Pada 1993, Soeharto juga mempercayai Harmoko memimpin Golkar. Dia tokoh sipil pertama yang menakhodai partai berlambang pohon beringin itu. Enam ketua umum sebelumnya, Suprapto Sukowati, Amir Moetono, Sudharmono, dan Wahono berlatar tentara.

Lewat program Temu Kader ke berbagai daerah Nusantara, Harmoko membuktikan bahwa dirinya tak kalah dengan para jenderal. Buktinya pada Pemilu 1997 Golkar mendapat 74,51 persen suara. Meningkat sekitar 6 persen dari Pemilu 1992, sebesar 68,10 persen. Itu rekor prestasi yang hingga kini belum terpecahkan.

Tak heran bila dengan prestasi itu dia berambisi menjadi pendamping Soeharto berikutnya. Cuma ABRI (TNI) yang sejak awal kurang happy dia memimpin Golkar membaca gelagat tersebut.
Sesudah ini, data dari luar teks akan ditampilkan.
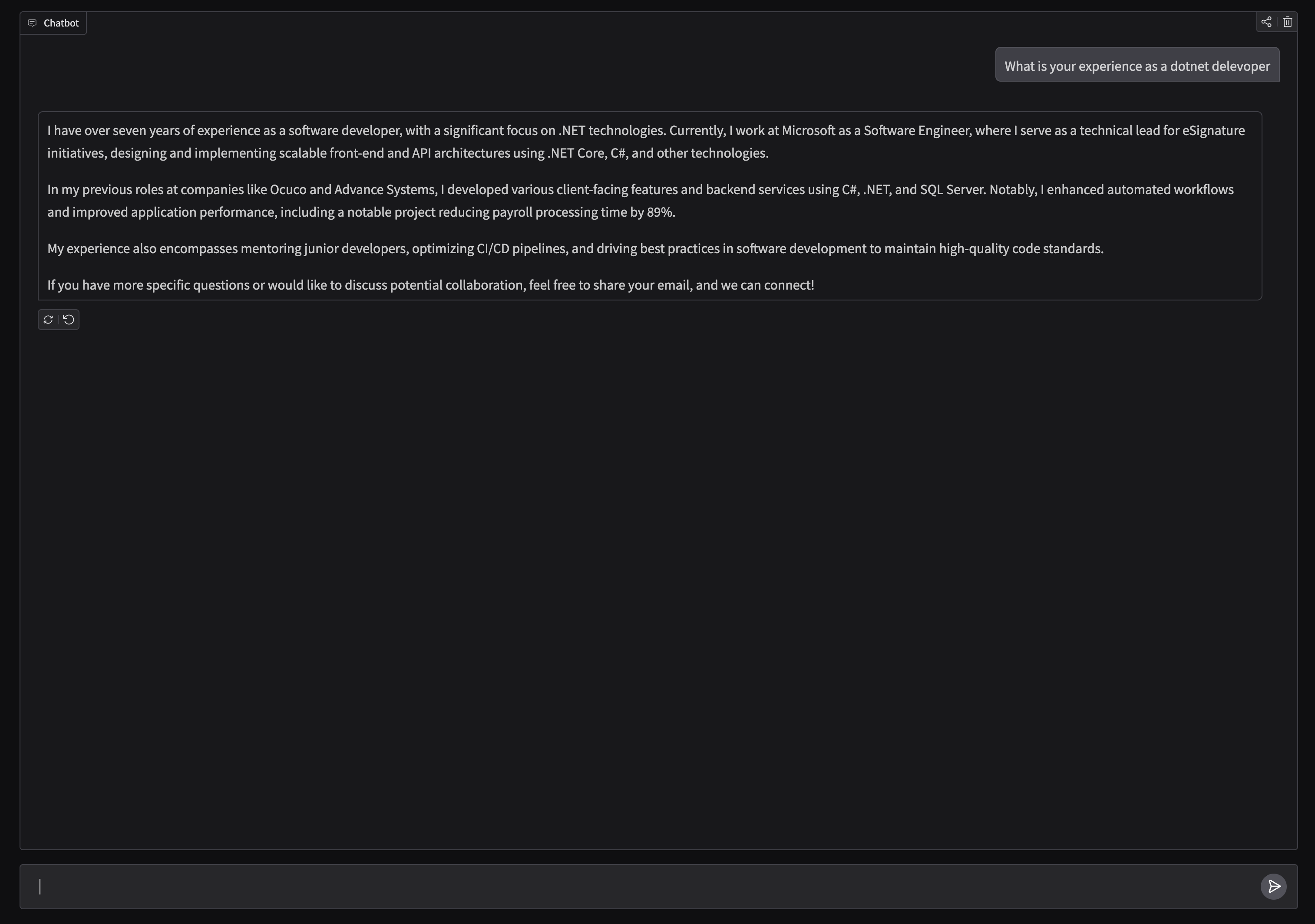 CVs are boring. So I made mine talk back. Ask my AI-powered CV anything about my experience, projects, or skills — it's like having a conversation instead of skimming bullet points. Available 24/7, unlike me.

Panglima ABRI Jenderal Feisal Tanjung memainkan peran kunci guna menutup manuver Harmoko.

Sebagai anggota “Tim Enam”, bersama Akbar Tandjung, Harmoko, Ginanandjar Kartasasmita, Haryanto Dhanutirto, dan BJ Habibie, dia memasukkan kriteria “Menguasai ilmu pengetahuan dan teknologi, serta pengalaman internasional,“ untuk menjaring calon wakil presiden.

Usulan itu disampaikan dalam forum rapat tiga jalur Golkar yang diikuti Harmoko dan Ary Mardjono (Ketua dan Sekjen Golkar), Yogie SM dan Sutoyo NK (Menteri Dalam Negeri dan Dirjen Sospol mewakili unsur birokrasi), Letjen Yunus Yosfiah dan Mayjen Susilo Bambang Yudhoyono, sebagai Kassospol dan Assospol Kassospol ABRI.
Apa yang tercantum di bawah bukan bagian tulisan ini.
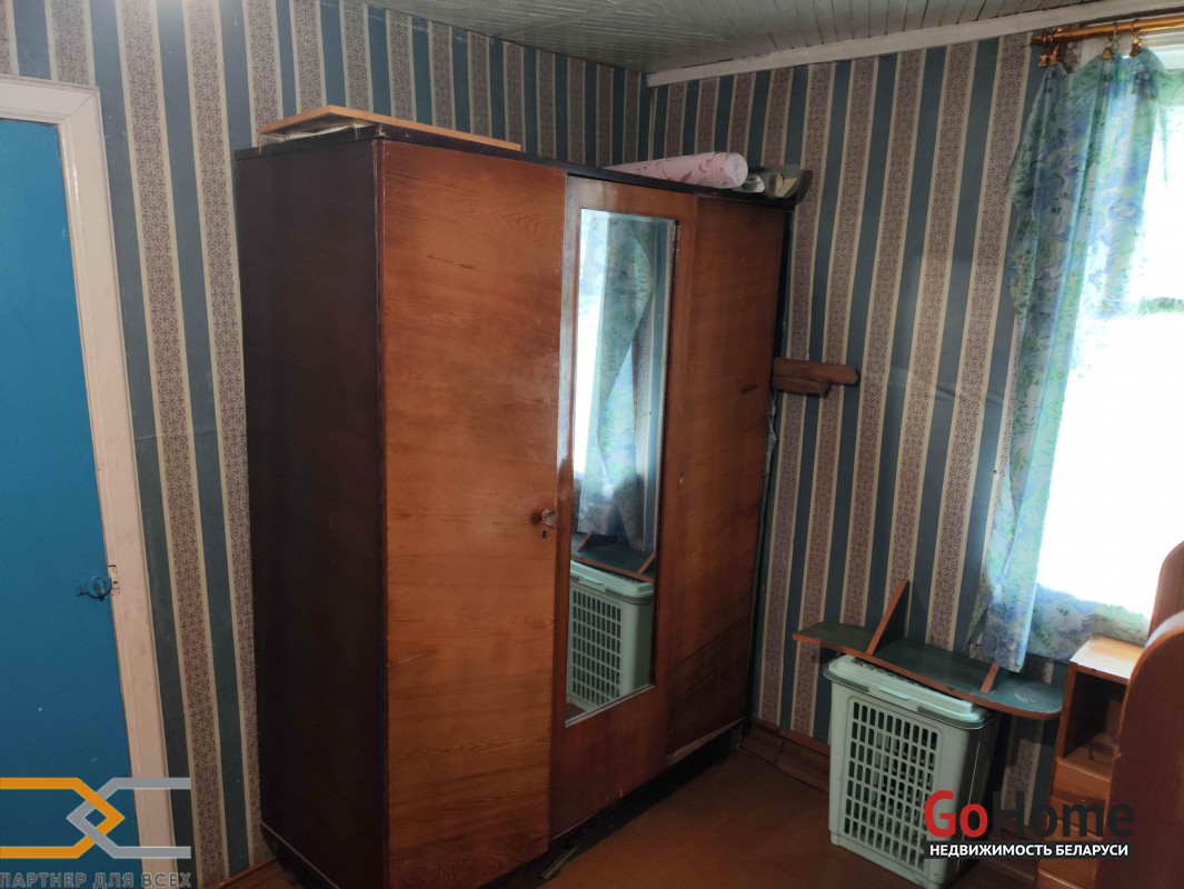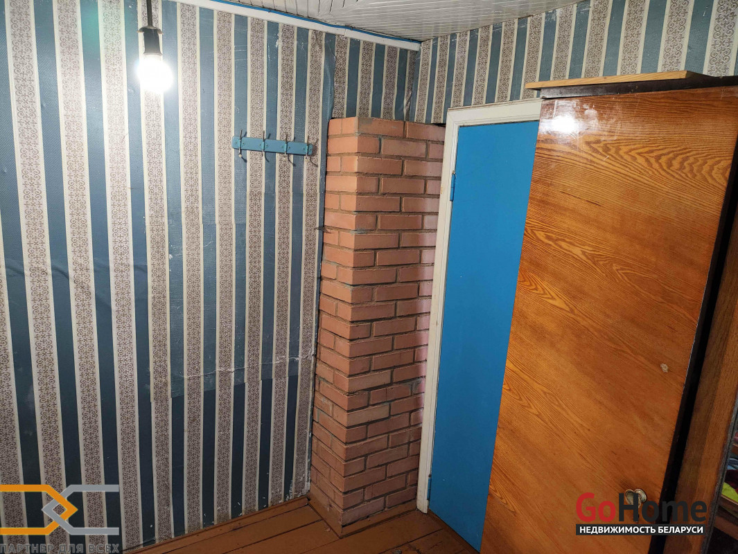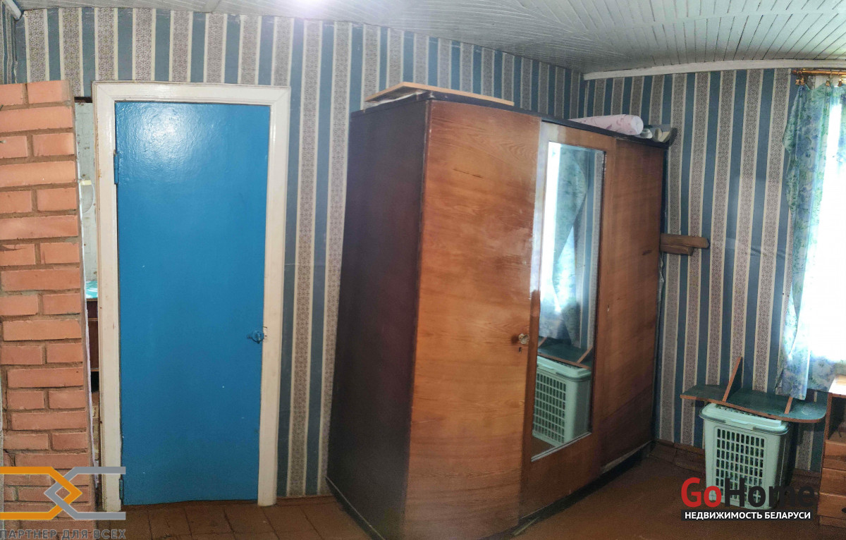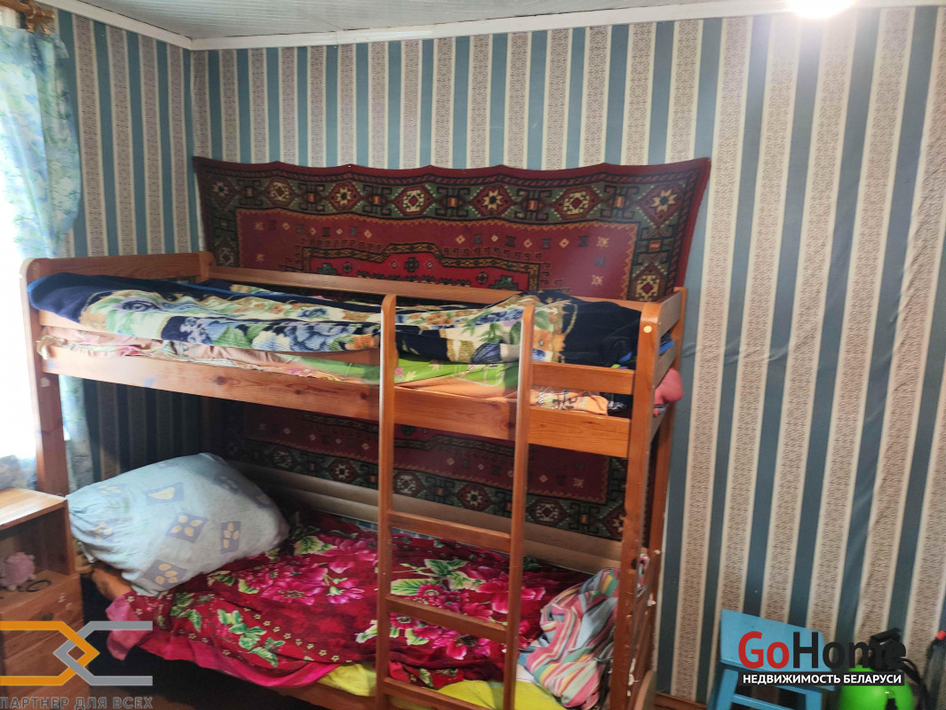 В комнатах потолки также из декоративной вагонки, стены оклеены обоями, на полу доска.

Forum memperdebatkan dengan sengit usulan kriteria tersebut. Harmoko dan Ary berkukuh, dukungan rakyatlah yang menjadi salah satu kriteria kunci.

Usai rapat, Feisal meminta kepada Yunus dan Bambang, untuk tetap memasukkan dua kriteria usulannya tadi. “Saya yang akan mempertanggungjawabkan masukan itu kepada Pak Harto,“ kata Feisal meyakinkan kedua stafnya tersebut seperti ditulis Solemanto dan ‎Aziz Ahmadi dalam “Feisal Tanjung, Terbaik untuk Rakyat Terbaik bagi ABRI”, terbitan Dharmapena, 1999.
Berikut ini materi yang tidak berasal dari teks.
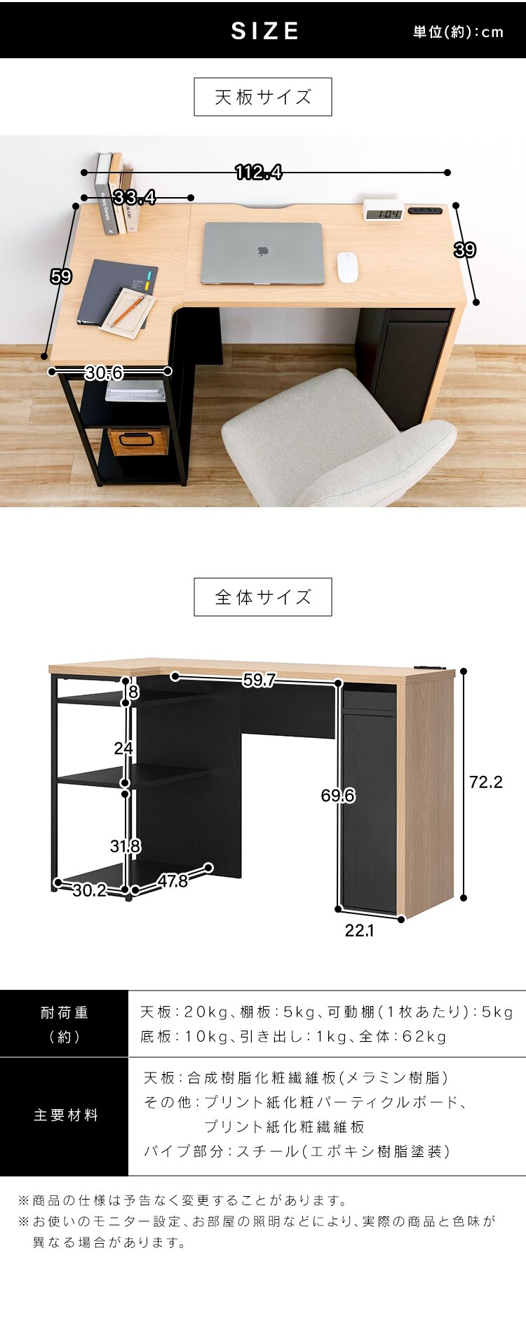 - 種類 : L型 | カラー : ナチュラル/ブラック 購入

Tak cuma itu. Feisal mengkonfirmasi langsung kepada Soeharto tentang figur yang benar-benar diinginkannya. “Habibie,“ jawab Soeharto. Feisal pun menyampaikan hal itu kepada Harmoko dengan hati-hati. “Pak Harmoko, saya sudah diberi tahu Pak Harto, bahwa yang akan menjadi wakil presiden, bukan bapak,“ ujarnya. “Kalau Bapak maju, saya tidak dapat mengamankan,“ tambahnya.

“Tapi kepada saya, beliau tidak bilang apa-apa,“ Harmoko menukas. 
“Menurut beliau, Bapak di DPR/MPR,“ balas Feisal. 
“Kelihatannya saya masih diberi kesempatan,“ timpal Harmoko. 
“Kalau Bapak tidak percaya, silahkan saja menghadap beliau,“ pungkas Feisal.

Endingnya kita semua tahu. Habibie dilantik sebagai Wapres mendampingi Soeharto, 11 Maret 1998. Tapi tak sampai tiga bulan kemudian, sebagai Ketua DPR/MPR Harmoko yang sebelumnya mengelu-elukan Soeharto untuk tetap menjadi Presiden, memintanya mundur. Pada 21 Mei 1998, Soeharto pun lengser.

Terakhir saya melihat Harmoko dalam acara peluncuran otobiografi mantan Menpora Abdul Ghafur di Balai Kartini, 10 Januari 2019,  "Abdul Gafur Zamrud Halmahera". Dia terlihat sudah tak berdaya di atas kursi roda di antara undangan lainnya seperti Prof Emil Salim, Prof JB Sumarlin, Cosmas Batubara, dan Akbar Tanjung.

Ketika hadirin menyanyikan Indonesia Raya, lelaki kelahiran Nganjuk, 7 Februari 1939 itu seperti tak bereaksi. Mungkin beliau bernyanyi di dalam hati.